Review

  • Warning: Spoilers
    Here is a funny, good-natured parody of classic westerns, starring James Garner in the role he was born to play - the reluctant hero, tackling crises with his wits, not his fists. You don't have to be familiar with western clichés to enjoy this film, but those who are in on the jokes will find it especially rewarding. Of course, Mel Brooks' similar 'Blazing Saddles' is better remembered today, but I feel that 'Support Your Local Sheriff!' is the more successful film. It achieves its results through the writers' ingenuity and the actors' flawless timing and delivery, as opposed to the riotous, hit-or-miss gags of Brooks' film.

    Garner plays a drifter who is gradually making his way to Australia, for no discernable reason. He arrives in an unruly western town that's been through three sheriffs in the past two months and is now in desperate need of another. The town council is not choosy, and he is hired almost sight unseen. Then he sees the jail - real nice, but no bars for the cells. He picks the most incompetent man in earshot (Jack Elam) for his deputy, and sets about cleaning up the town. Garner is adept at all the usual gun tricks and is in fact an expert marksman, but he prefers to talk his way out of tight situations, always getting the better of his intellectually-challenged opponents.

    The real trouble begins when he arrests a whiny ruffian (Bruce Dern) for murder, and books him in one of the cells without bars. In the true western fashion, his crotchety pop (Walter Brennan) and all his brothers ride into town to engineer a jailbreak. What happens next would be criminal to reveal here, except to say that it consists of one comic gem after another.
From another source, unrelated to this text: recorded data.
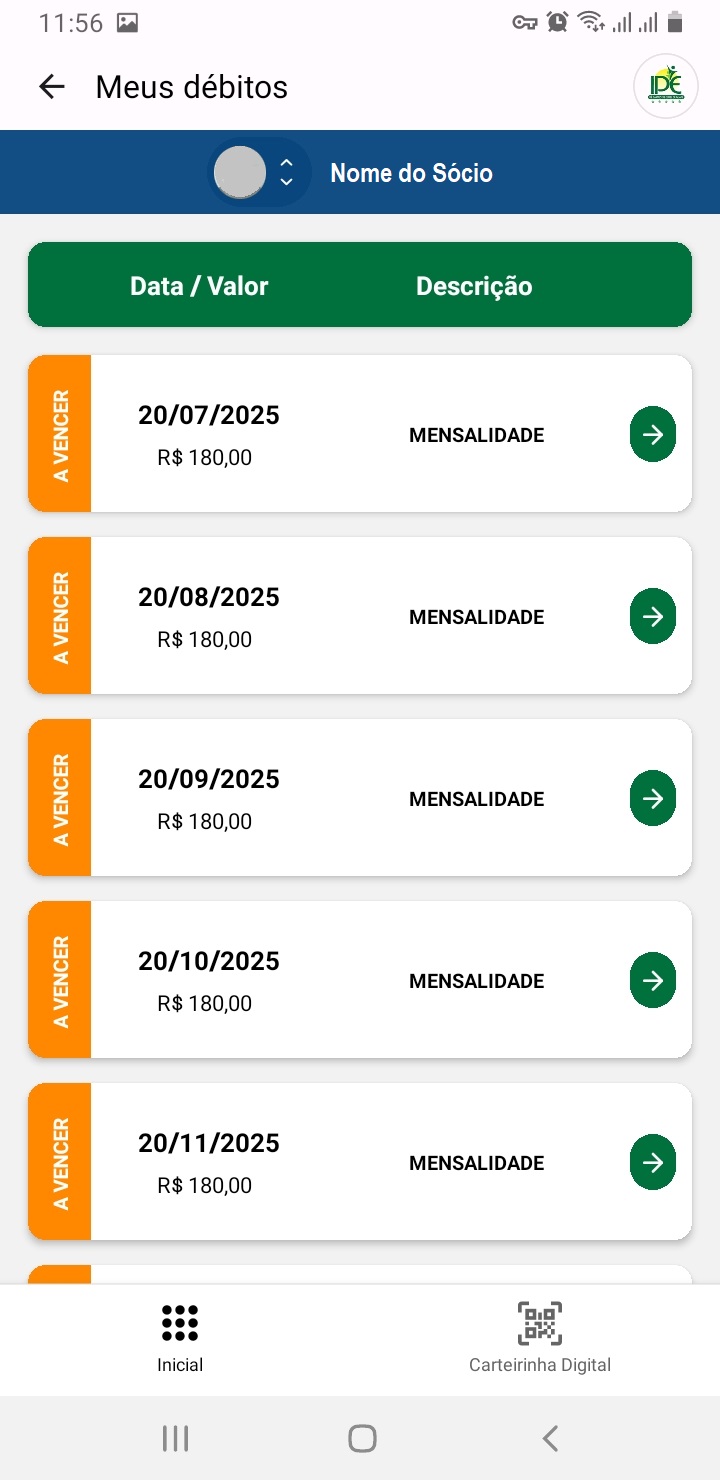 Carteirinha Digital: Acesse sua carteirinha para entrada no clube e eventos.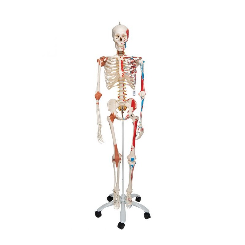 Scheletul Sam ofera toate avantajele unui schelet 3B Scientific. Cu ajutorul scheletului Sam, puteti demonstra, de asemenea, miscarile craniului prin articulatiile capului si, datorita coloanei vertebrale complet flexibile, puteti regla modelul pentru a-l aseza in posturi naturale ale corpului. Combinatia unica intre partile osoase si insertiile musculare, oasele numerotate, ligamentele flexibile si coloana vertebrala flexibila cu un disc alunecat intre vertebrele lombare a treia si a patra arata in mod clar interesul medical si anatomic al celor peste 600 de structuri ale acestui model de top. Schelet montat pe un suport metalic stabil cu 5 rotite.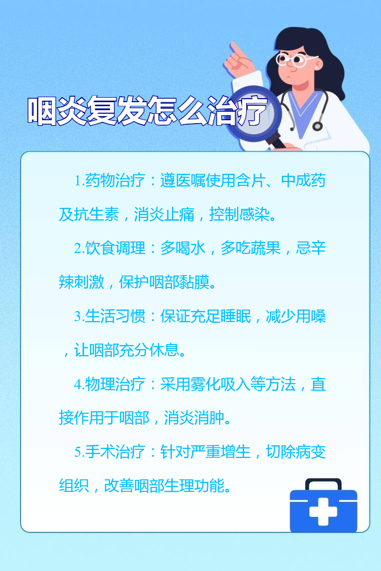 咽炎复发可通过药物治疗、饮食调理、生活习惯改善、物理治疗、手术治疗等方法应对。
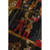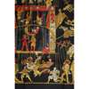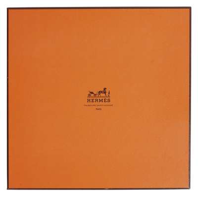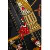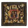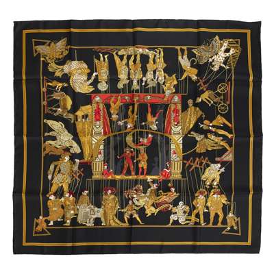 Black and gold, in original box, with depictions of acrobats and marionettes, silk with rolled edges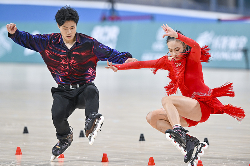 25岁的张颢是土生土长的成都人,他是中国轮滑的标志性人物,11岁就获得2011德国盖辛根世界自由式轮滑锦标赛青年组男子花式绕桩冠军,17岁时在天津全运会、2017南京世界全项目轮滑锦标赛上两次成为“四冠王”。2023年,张颢和搭档朱思怡携手夺得杭州亚运会混合自由式轮滑男女双人花式绕桩金牌,2024年罗马世界全项目轮滑锦标赛上,他再次夺得成年组男子花式绕桩冠军。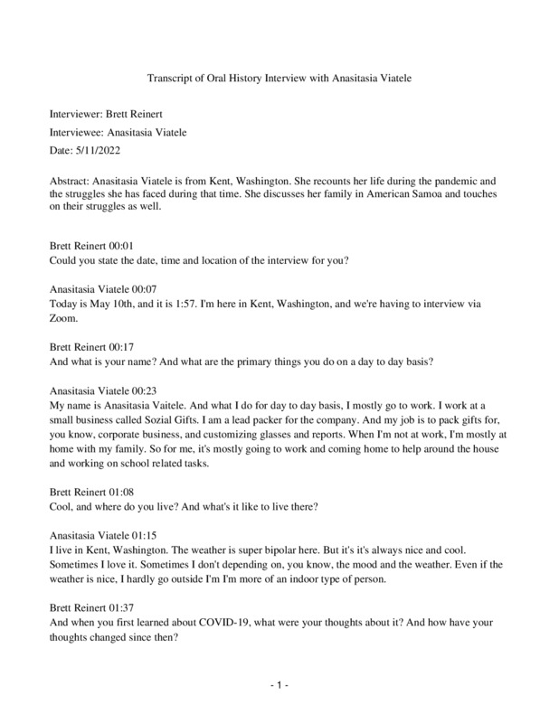 Anasitasia Viatele is from Kent, Washington. She recounts her life during the pandemic and the struggles she has faced during that time. She discusses her family in American Samoa and touches on their struggles as well.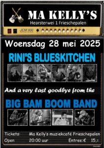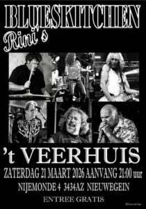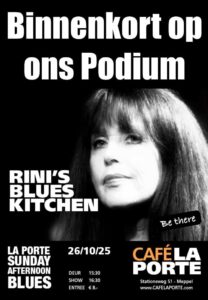 Rini’s Blues Kitchen brengt een heerlijk portie blues, overgoten met rock en soul, nummers van onder meer Susan Tedeschi, Beth Hart, Stevie Ray Vaughn, Janiva Magness, Koko Taylor, Etta James, Joe Bonamassa, etc. Herkenbaar maar op geheel eigen, muzikale wijze gebracht!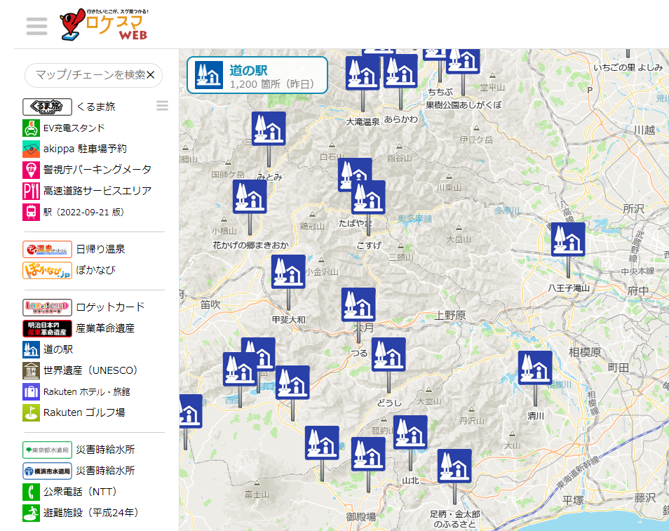 これまでアプリ版のロケスマのみで利用可能だった、「道の駅」や「日帰り温泉」「EV充電スタンド」「ロゲットカード」など各種運営会社との協業によるコラボマップ(当社が独自収集したチェーン店データではなく、外部からデータ提供を受けて作成したマップ)が、ロケスマWEB Ver.2.0でも表示されるようになりました。

    Each line is written and delivered to perfection by a cast that seems to have been formed from a convention of old character actors. Brennan is hilarious sending up his Old Man Clanton role from "My Darling Clementine." His very presence in any western gives it a feel of authenticity, but here he proves to be a good sport in spoofing one of his definitive parts. Elam, Dern, and Harry Morgan contribute priceless support, and Joan Hackett is effective as Garner's most unorthodox love interest. All this would be for naught, however, without Garner in the central role. It calls for a very specific type of actor: quick-witted, sarcastic, astute, overly accommodating, and not especially tough. This is a tailor-made role for Garner, and he fills it in such a way that any other casting would be inconceivable. Thanks to him, the other performers, and the droll, clever screenplay, the film hits all the right notes for a pleasant and genial western comedy.